Would you copy exactly the lines in the data below from the one that has "SoSalt Сіль морська" through the one that has "沈阳日报:米兰milan官方网站与东软教育科技集团共建医疗健康科技产业学院", dropping any pictures?

= DATA =
....................

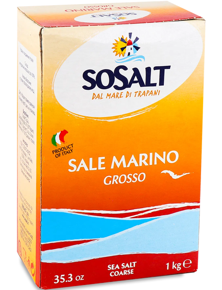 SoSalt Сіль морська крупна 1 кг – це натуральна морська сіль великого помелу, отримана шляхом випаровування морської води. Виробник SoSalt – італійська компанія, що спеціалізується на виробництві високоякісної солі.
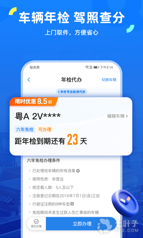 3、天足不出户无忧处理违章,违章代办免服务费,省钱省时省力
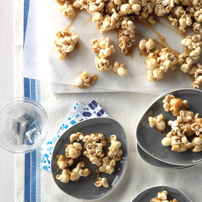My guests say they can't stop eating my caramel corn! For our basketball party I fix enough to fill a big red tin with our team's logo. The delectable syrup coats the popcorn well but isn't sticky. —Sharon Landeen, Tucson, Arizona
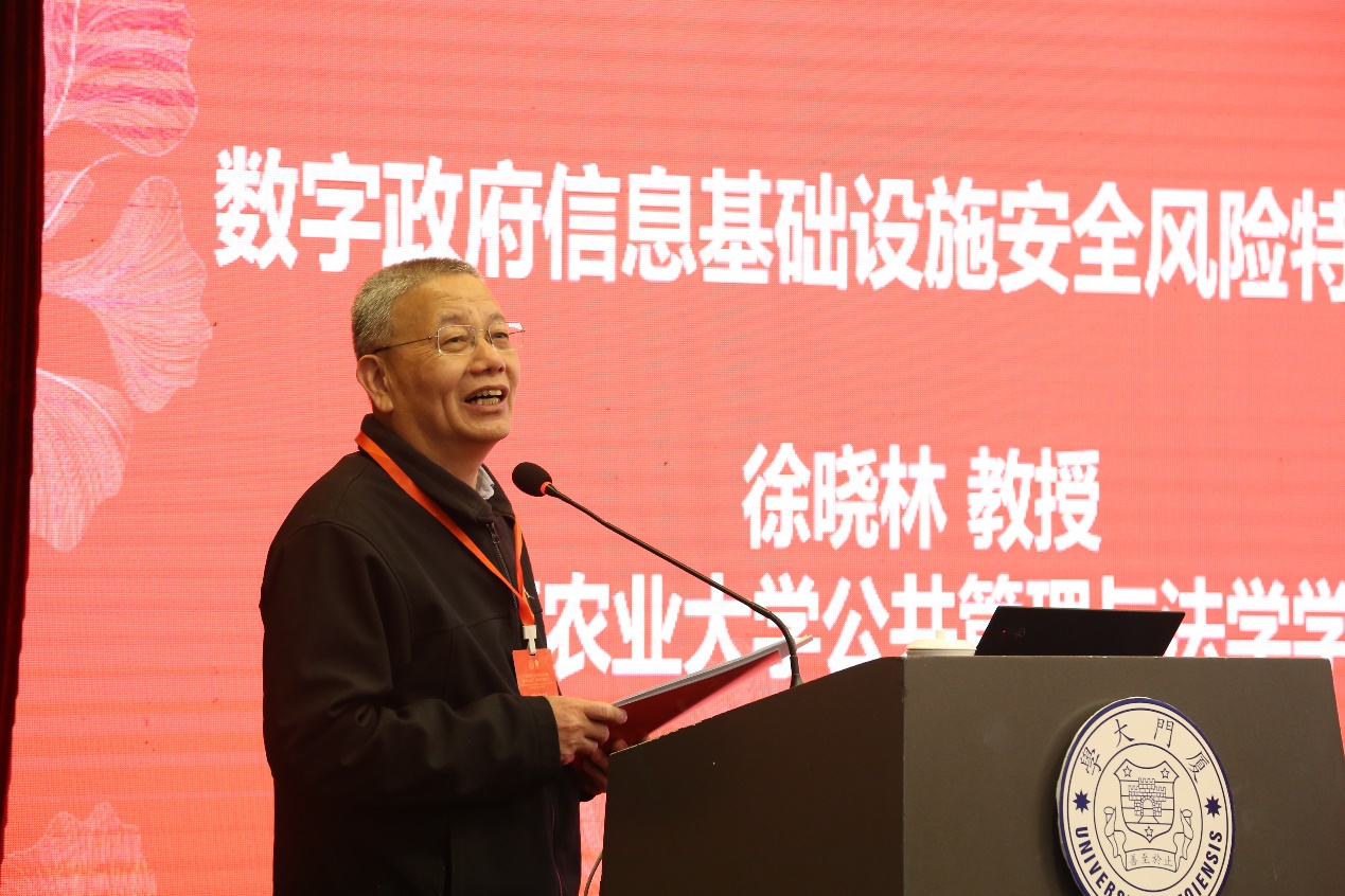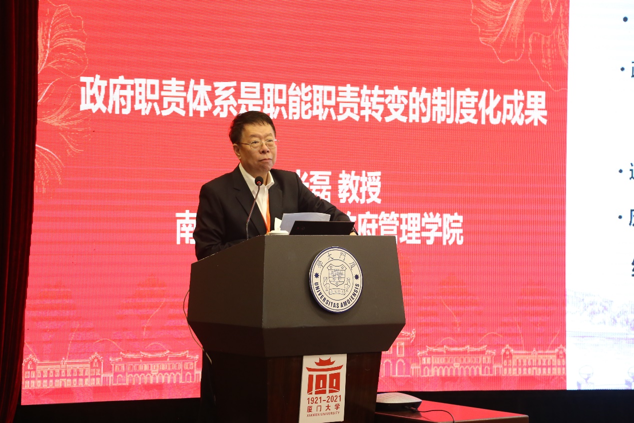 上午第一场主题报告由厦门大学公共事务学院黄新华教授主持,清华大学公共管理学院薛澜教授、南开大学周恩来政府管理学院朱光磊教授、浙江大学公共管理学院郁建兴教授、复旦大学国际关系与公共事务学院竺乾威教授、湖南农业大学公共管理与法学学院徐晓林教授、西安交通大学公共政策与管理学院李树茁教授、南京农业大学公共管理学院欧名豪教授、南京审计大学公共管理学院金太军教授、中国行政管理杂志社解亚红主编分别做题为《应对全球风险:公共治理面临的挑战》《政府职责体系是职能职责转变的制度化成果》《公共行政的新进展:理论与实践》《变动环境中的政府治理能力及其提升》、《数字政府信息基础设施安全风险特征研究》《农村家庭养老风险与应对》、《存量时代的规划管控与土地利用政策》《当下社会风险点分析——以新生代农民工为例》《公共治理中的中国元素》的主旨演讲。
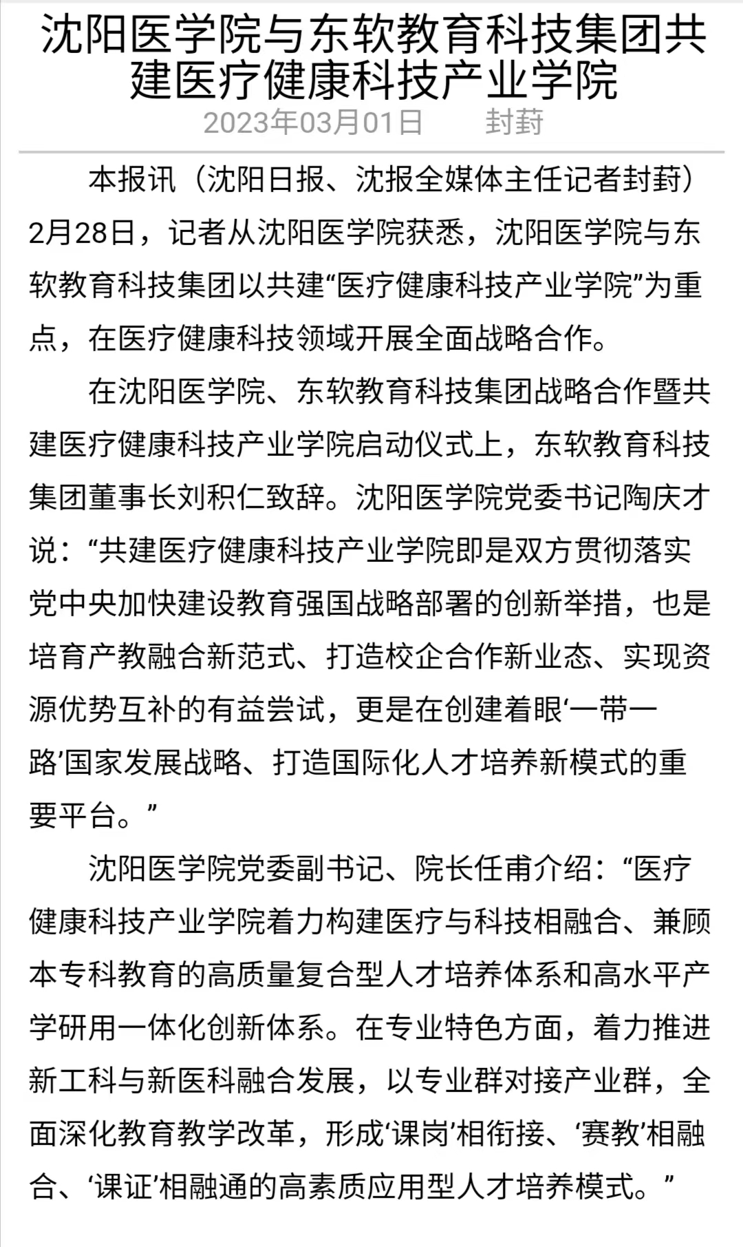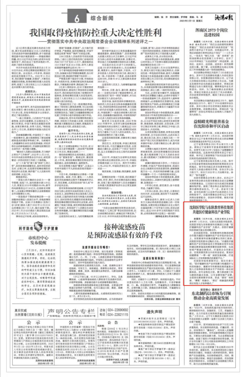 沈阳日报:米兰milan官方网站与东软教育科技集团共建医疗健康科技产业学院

....................

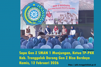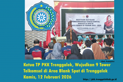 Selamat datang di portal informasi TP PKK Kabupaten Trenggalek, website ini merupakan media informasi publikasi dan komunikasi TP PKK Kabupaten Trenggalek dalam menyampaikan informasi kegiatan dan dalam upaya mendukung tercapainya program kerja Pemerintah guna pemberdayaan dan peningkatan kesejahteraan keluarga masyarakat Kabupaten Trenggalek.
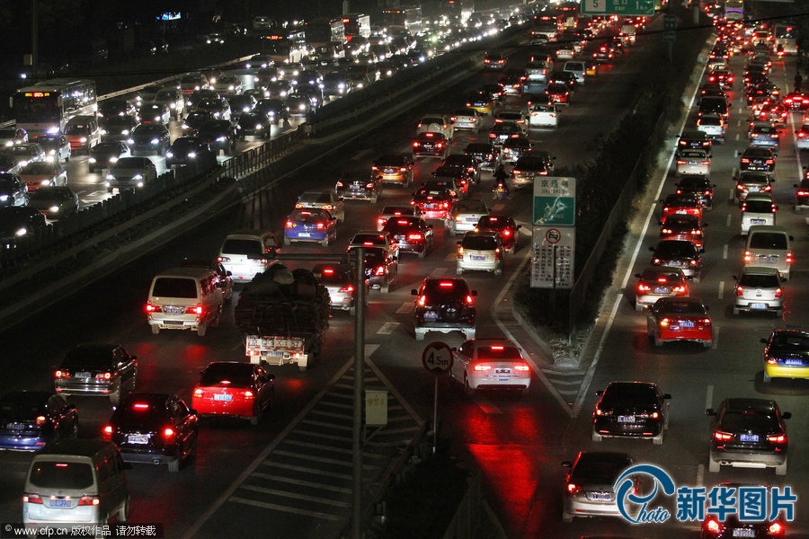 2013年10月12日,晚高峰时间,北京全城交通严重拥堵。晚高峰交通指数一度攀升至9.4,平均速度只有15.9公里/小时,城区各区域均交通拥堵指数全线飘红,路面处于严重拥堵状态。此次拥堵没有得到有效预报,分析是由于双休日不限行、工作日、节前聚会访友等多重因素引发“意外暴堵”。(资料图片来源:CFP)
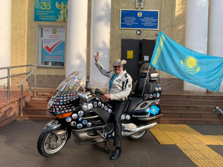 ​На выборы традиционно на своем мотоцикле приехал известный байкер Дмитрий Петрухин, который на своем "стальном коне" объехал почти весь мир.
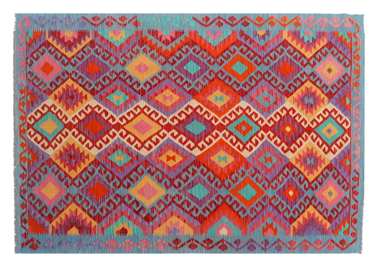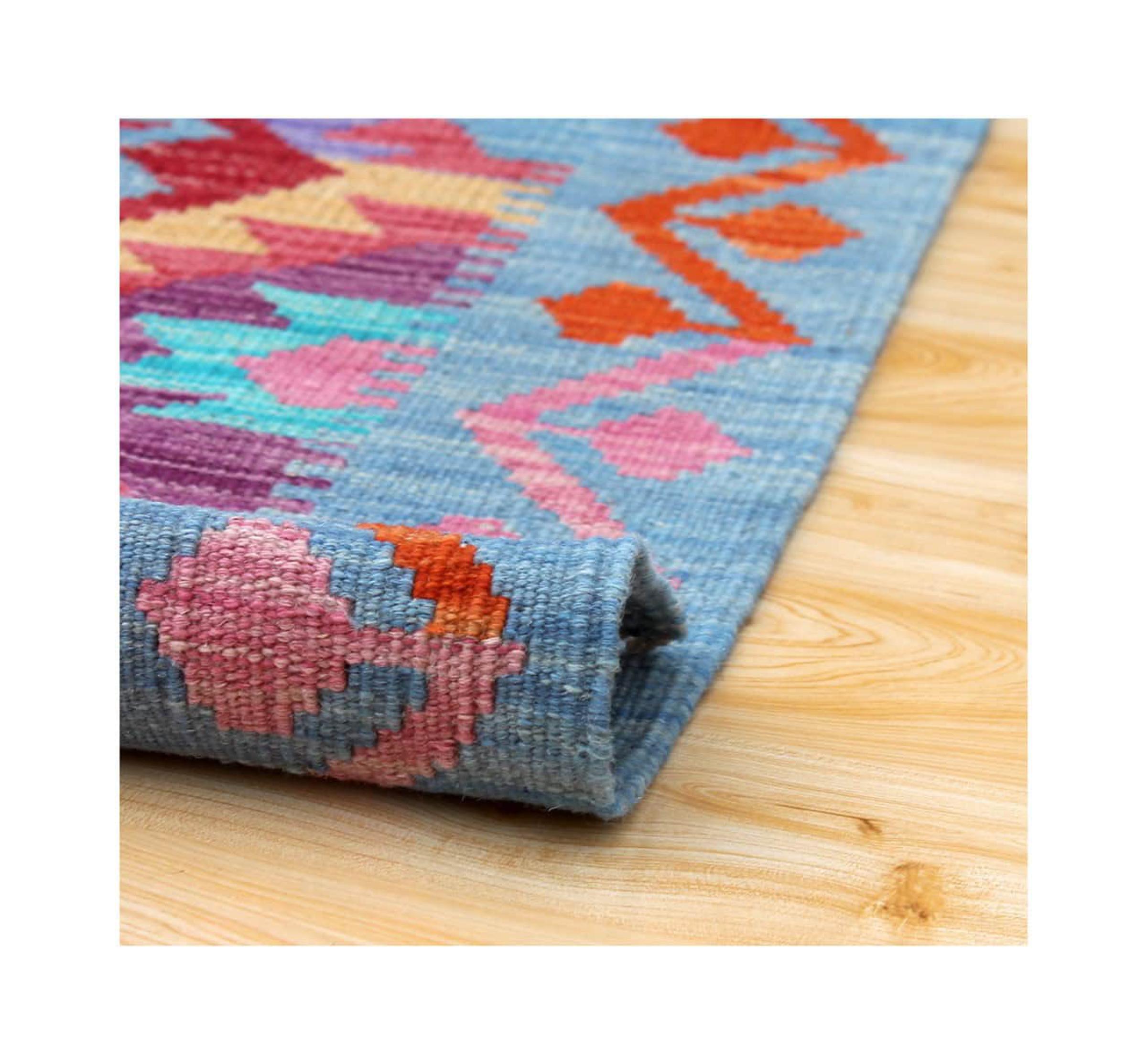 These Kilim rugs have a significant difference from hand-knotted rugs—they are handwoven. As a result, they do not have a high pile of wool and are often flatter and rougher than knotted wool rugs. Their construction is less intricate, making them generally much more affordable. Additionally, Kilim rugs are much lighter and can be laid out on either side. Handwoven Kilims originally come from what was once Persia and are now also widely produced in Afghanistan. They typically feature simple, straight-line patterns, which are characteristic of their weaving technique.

....................

= ANSWER FOR THIS EXERCISE =
 SoSalt Сіль морська крупна 1 кг – це натуральна морська сіль великого помелу, отримана шляхом випаровування морської води. Виробник SoSalt – італійська компанія, що спеціалізується на виробництві високоякісної солі.
 3、天足不出户无忧处理违章,违章代办免服务费,省钱省时省力
My guests say they can't stop eating my caramel corn! For our basketball party I fix enough to fill a big red tin with our team's logo. The delectable syrup coats the popcorn well but isn't sticky. —Sharon Landeen, Tucson, Arizona
 上午第一场主题报告由厦门大学公共事务学院黄新华教授主持,清华大学公共管理学院薛澜教授、南开大学周恩来政府管理学院朱光磊教授、浙江大学公共管理学院郁建兴教授、复旦大学国际关系与公共事务学院竺乾威教授、湖南农业大学公共管理与法学学院徐晓林教授、西安交通大学公共政策与管理学院李树茁教授、南京农业大学公共管理学院欧名豪教授、南京审计大学公共管理学院金太军教授、中国行政管理杂志社解亚红主编分别做题为《应对全球风险:公共治理面临的挑战》《政府职责体系是职能职责转变的制度化成果》《公共行政的新进展:理论与实践》《变动环境中的政府治理能力及其提升》、《数字政府信息基础设施安全风险特征研究》《农村家庭养老风险与应对》、《存量时代的规划管控与土地利用政策》《当下社会风险点分析——以新生代农民工为例》《公共治理中的中国元素》的主旨演讲。
 沈阳日报:米兰milan官方网站与东软教育科技集团共建医疗健康科技产业学院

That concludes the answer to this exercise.